- Court: Vermont Supreme Court
- Full case name: Stan Baker, et al v. State of Vermont, et al
- Decided: December 20, 1999
- Citation: 744 A.2d 864 (Vt. 1999)

Case history
- Prior action: Claim dismissed
- Subsequent action: Creation of Same-sex Civil Unions

Case opinions
- Majority: Amestoy joined by Morse, Skoglund
- Concurrence: Dooley
- Concur/dissent: Johnson

= Baker v. State =

Vermont Supreme Court case

Baker v. Vermont, 744 A.2d 864 (Vt. 1999), was a lawsuit decided by Vermont Supreme Court on December 20, 1999. It was one of the first judicial affirmations of the right of same-sex couples to treatment equivalent to that afforded different-sex couples. The decision held that the state's prohibition on same-sex marriage denied rights granted by the Vermont Constitution. The court ordered the Vermont legislature to either allow same-sex marriages or implement an alternative legal mechanism according similar rights to same-sex couples.

==Background==
Following their initial success in Hawaii in 1996 that was later undone by a popular referendum in 1998, advocates for same-sex marriage selected Vermont for their lawsuit on the basis of the state's record of establishing rights for gays and lesbians as well as the difficulty of amending its constitution.
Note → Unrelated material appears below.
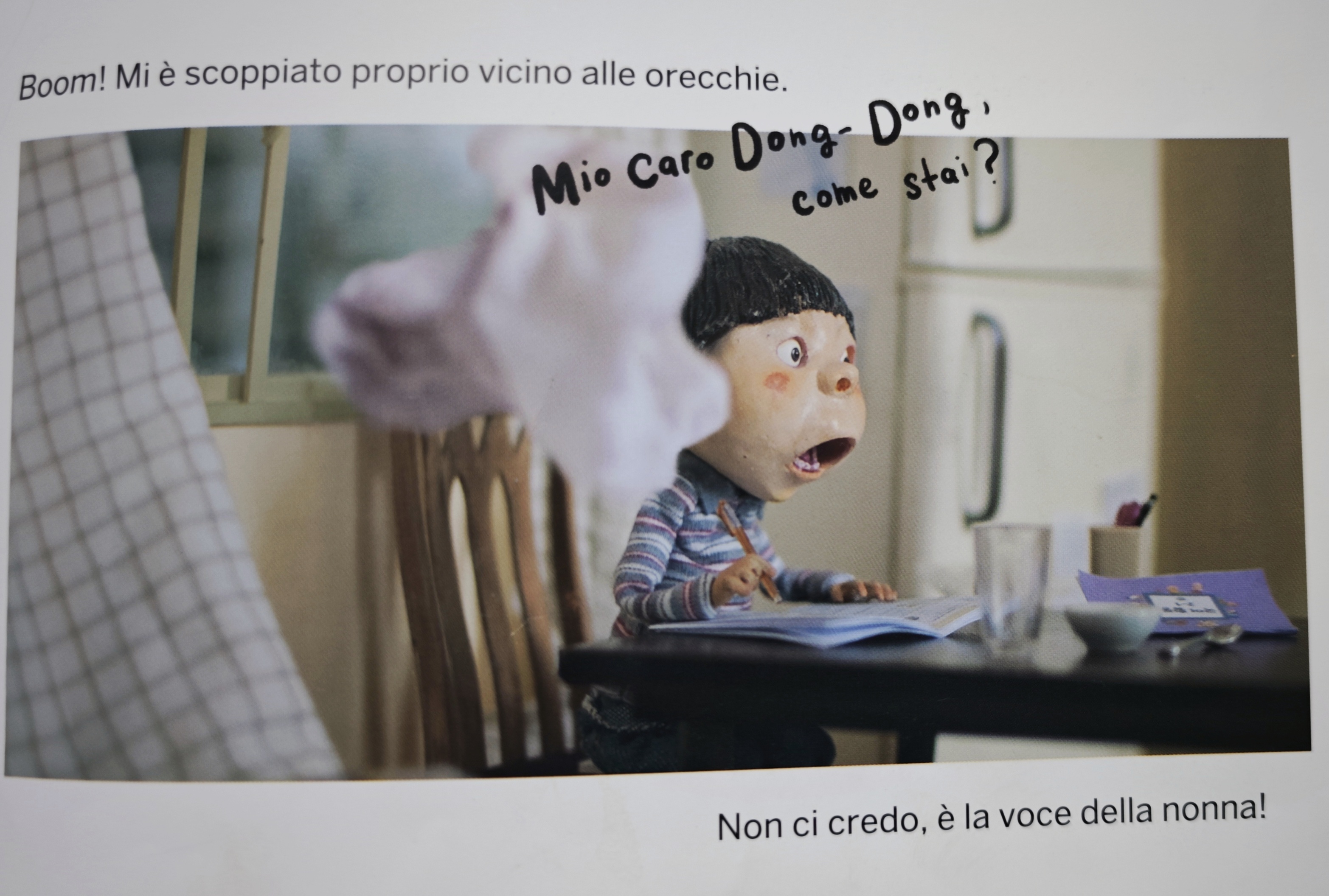 Le caramelle sono come un invito per Dong Dong: a comunicare, ad ascoltare, a stupirsi, a ricordare il passato. Come? Con un dialogo interiore fatto di parole ma anche di abbracci: il divano gli ricorda le buone maniere, il vecchio cane gli confessa quanto si senta esausto delle sue passeggiate, il papà che mentre ricopre Dong Dong di domande e rimproveri ha in realtà un sottotesto ben preciso, “TI VOGLIO BENE”, e la nonna che non c’è più lo rassicura che laggiù va tutto alla grande.

Vermont enacted hate crimes legislation in 1990, one of the first states to do so. From the time the legislation that became the Hate Crimes Act was introduced in 1989, it included sexual orientation. Most of the testimony and statistics that supported the legislation related to the gay and lesbian community and one incident of anti-gay violence helped secure its passage. It added sexual orientation to its anti-discrimination statute, the Human Rights Law, in 1992. In 1993, the Vermont Supreme Court ruled unanimously in the case In re B.L.V.B. that a woman could adopt her lesbian partner's natural children. The statute provided that an adoption terminates the rights of natural parents, unless the person adopting is the spouse of the child's natural parent. The Court decided that the statute did not intend to restrict adoption to legal spouses only, that safeguarding the child was its "general intent and spirit", and that adoption by a second woman was therefore permissible. In 1995, in the course of reforming the state's adoption statute, a Senate committee first removed language allowing unmarried couples, whatever their sex, to adopt, but after months of work the legislature passed a version that made same-sex couples eligible to adopt.

== Trial court ==
On July 22, 1997, three same-sex couples, who had been denied marriage licenses in the towns of Milton and Shelburne and the city of South Burlington, sued those jurisdictions and the state. They were Stan Baker and Peter Harrigan, Holly Puterbaugh and Lois Farnham, and Nina Beck and Stacy Jolles. Two of the couples had raised children together. The couples sued their respective localities and the state of Vermont, requesting a declaratory judgment that the denial of licenses violated Vermont's marriage statutes and the state Constitution. The plaintiffs were represented by Mary Bonauto, an attorney with Boston-based Gay & Lesbian Advocates and Defenders, and two Vermont attorneys, Susan Murray and Beth Robinson. (Note: Robinson later chaired Vermont Freedom to Marry and in 2011 was appointed to the Vermont Supreme Court by Governor Peter Shumlin.)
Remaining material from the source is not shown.